Our hero (above center) has his troubles fighting men, but takes no chances with women.
Despite the superficial sci-fi trappings, Occhi dalle stelle is more conspiracy thriller, at least in intention, than futuristic fantasy. There are fewer scenes of saucers in flight, or even of fuzzy-costumed aliens probing victims, than there are of Robert Hoffman fighting conspirators and their goons with fists and guns. Some of the stagings and set design suggest a Vittorio Storaro influence on cinematographer Erico Menczer, but the usual limitations of a Mill Creek disc make a fair appraisal impossible. Most of the alien activity consists of POV camera crawls, flashing lights and vanishing objects.
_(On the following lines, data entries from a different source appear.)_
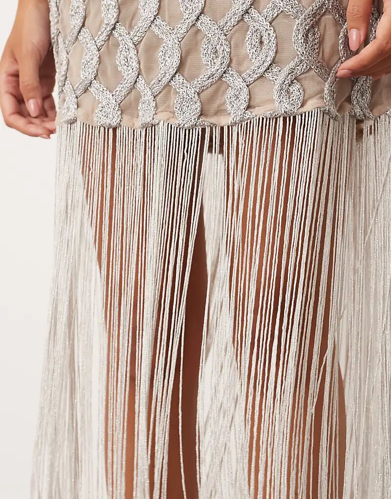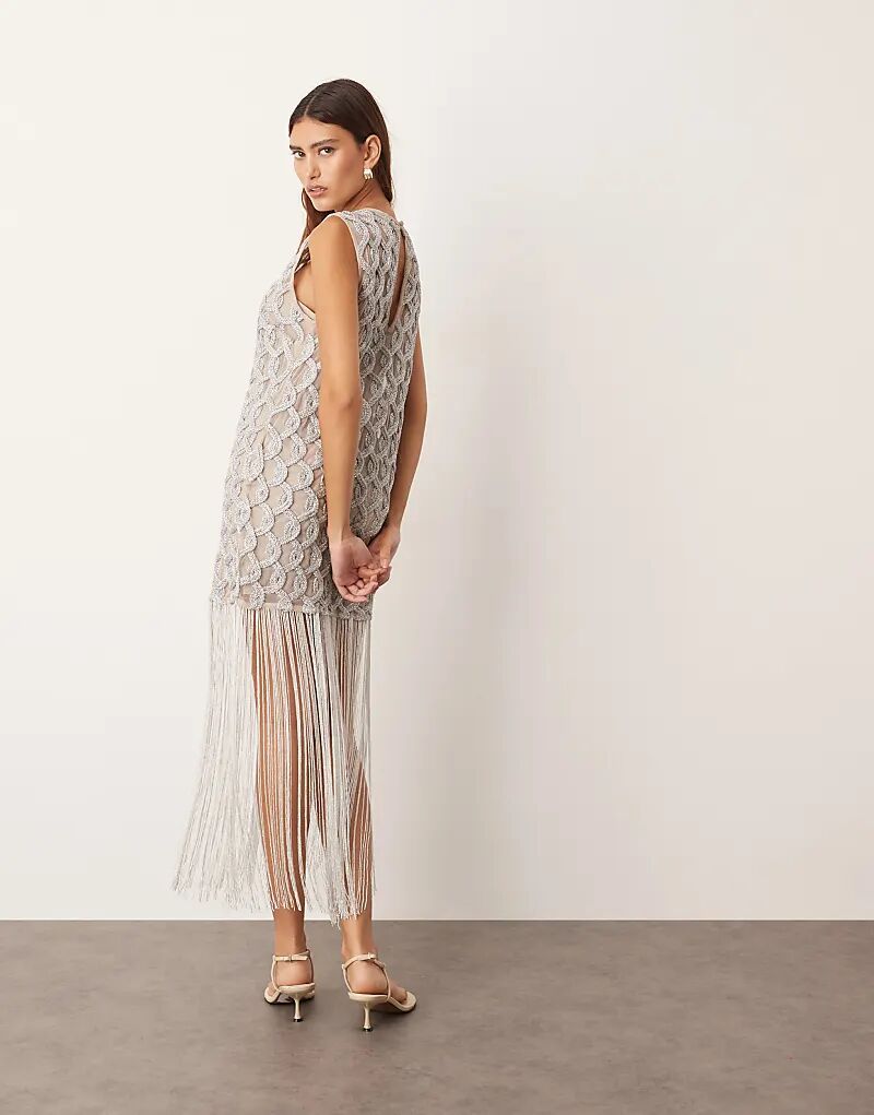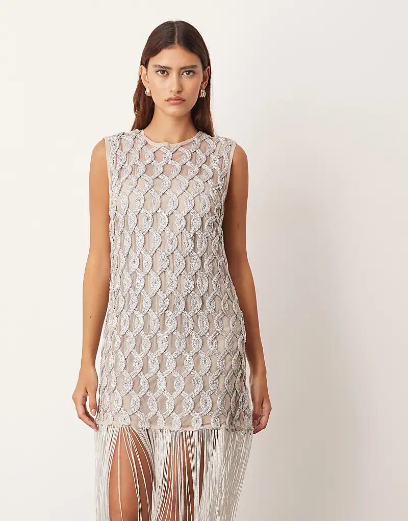 Мини-платье ARRANGE в сетку с бахромой по низу, металлик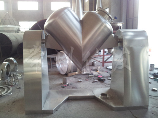 該機(jī)通過(guò)機(jī)械傳動(dòng),使不對(duì)稱的V型圓柱體內(nèi)的物料做往復(fù)翻動(dòng),達(dá)到均勻混合之目的。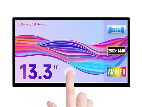 Waveshare 13.3inch 2K HDMI AMOLED Capacitive Touchscreen, 2560x1440 Pixel, with Hi-Fi Speaker, Up to 10-point Touch, compatible with Raspberry Pi 4B&CM4/Jetson Nano/Tinker Board/Windows 11/10/8.1/8/7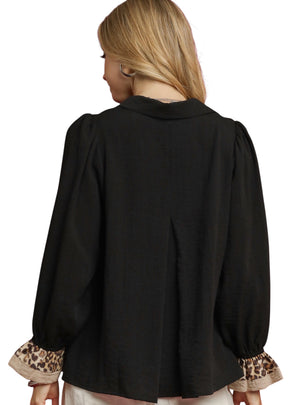 Add a little wild to your wardrobe with this chic black top! Featuring soft, flowy fabric and playful leopard print accents on the collar and cuffs, it blends effortless comfort with a touch of bold detail. The relaxed fit and billowy sleeves make it perfect for everyday wear, while the neutral tones keep it versatile for any season. Pair it with denim, trousers, or your favorite skirt for an easy, elevated look!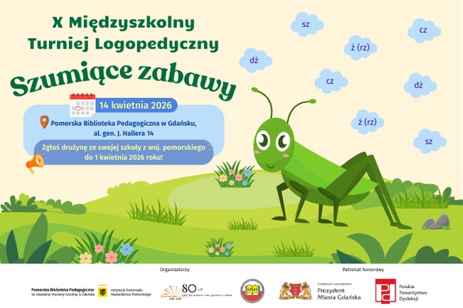 14 kwietnia 2026 r. w Pomorskiej Bibliotece Pedagogicznej w Gdańsku odbędzie się Międzyszkolny Turniej Logopedyczny, organizowany przez Pomorską Bibliotekę Pedagogiczną w Gdańsku oraz Szkołę Podstawową nr 49 w Gdańsku.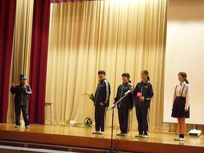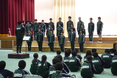 そして、各学年代表の発表です。前期を振り返り、後期の目標をしっかり述べていました。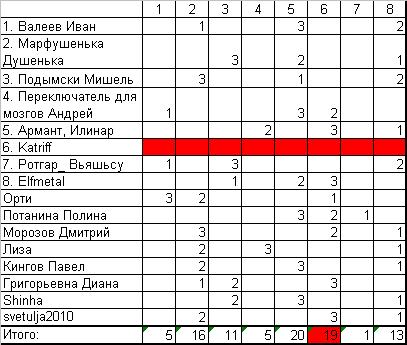Автор миниатюры № 6, к сожалению, не проголосовала, и ее результат не засчитывается.

It's a grim affair in more ways than one, capped with a typical Seventies finish that here, given the auteur's own interest in the subject, sounds almost like a cri de coeur against the cover-up that simply must exist. By Mill Creek standards, Eyes Behind the Stars has some camp value thanks to the goofy photo-shoot scene, the funky looking aliens, and the random telepath, but there's also a mean-spiritedness to it, possibly reflecting the director's frustrations as a UFO researcher, that has its darkest expression when the hero takes out his frustrations on a female character. That puts a little edge on the goofiness that viewers might find gratifying, but for its current target audience of Mill Creek fans the film probably could have used more goofiness.
2 comments:
Aliens or deep-sea explorers... it's always tough to tell the difference.
Kev, all I can say is that I wouldn't want to go diving in that get-up. It'd probably take forever to dry and would probably shrink.